Our bodies hold our experiences and shape us in ways that we not only don’t necessarily understand but also in ways that don’t show up for years and years in some cases. Our adult selves are born of all that our bodies hold. The reader, like Dina and Hal, knows nothing about Erika’s natural parents, we know nothing of the birth mother’s circumstances or how she came to be pregnant. But whatever the circumstances, I think those things are baked into Erika’s cells and have made her who she became, irrespective of any parental failings on Hal and Dina’s part.

How did your years of teaching influence your writing?

It taught me the importance of allowing for the interplay of planning and the factors that disrupt planning. Having a perfect lesson plan and then, without notice, there’s a fire drill in the middle of class—well, it’s not unlike being halfway into a story and realizing the main character is all wrong or the idea you thought was so great is really rather lame. It’s made me appreciate flexibility and the ways it can work to a writer’s advantage. It’s okay to be committed to the story in my head, but I’ve got to be willing and able to roll with it when something doesn’t work the way I expected or anticipated.

What did your students teach you about life?

Everything takes longer than you think!

Our everyday life influences our writing, but how has your writing influenced your everyday life?

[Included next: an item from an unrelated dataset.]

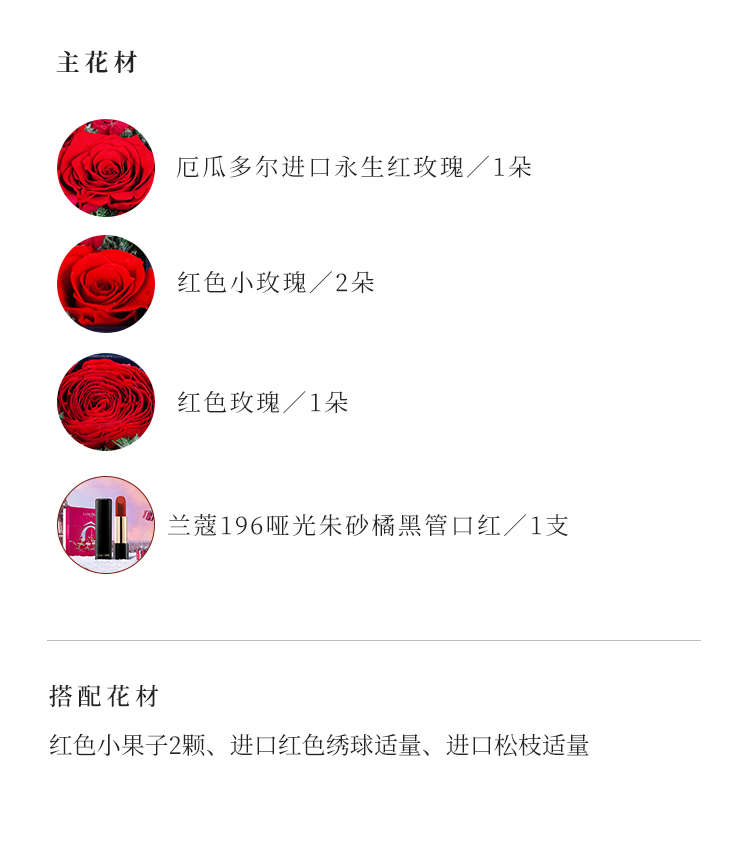 立减8元厄瓜多尔进口永生红玫1朵(直径6-7CM)、红色小玫瑰2朵、进口红色永生玫瑰1朵、红色小果子2颗、进口红绣球适量、进口松树枝适量;搭配专柜正品兰蔻LANCOME#196朱砂橘哑光口红(DRAMA MATTE非凡哑光,人气断货王,“予你美运一整年,从此人生开挂”! )。高档蓝色定制多功能礼盒(永生花盒+升级款带化妆镜+带首饰盒功能)。

This is a great question; I’d not thought much about until you asked, and it’s led me to do some journaling around it. I don’t know if this is the final answer, but I think my writing has made me more conscious of time, how much time I have available to devote to my work in any given week, and how much time my other roles demand. But also, I find that sometimes, when I’m waiting to see what comes up next for a story idea, I start putting my life at arms’ length, examining it to see if there is something there I can use. I don’t know if I like that I do that, but I see myself doing it. 

What do you think when you hear, “the good life”?

As soon as I read the question I heard in my head Frank Sinatra singing “The Good Life”…to the good life, to be free to explore the unknown… This was funny to me because I am not particularly a fan of Frank Sinatra, and I don’t know any other words to the song. And yet, when I started to think about it, the freedom to explore, to discover who we are, to move through as many iterations of ourselves as we wish, to find the place where we thrive and when we’ve had our fill to move on. Yes, that is the good life.


Thank you, Deidre, for being a part of our growing community and for spending extra time with us on this Q&A and the audio recording. We’re glad we were able to connect and we wish you the best with life and all your writing endeavors.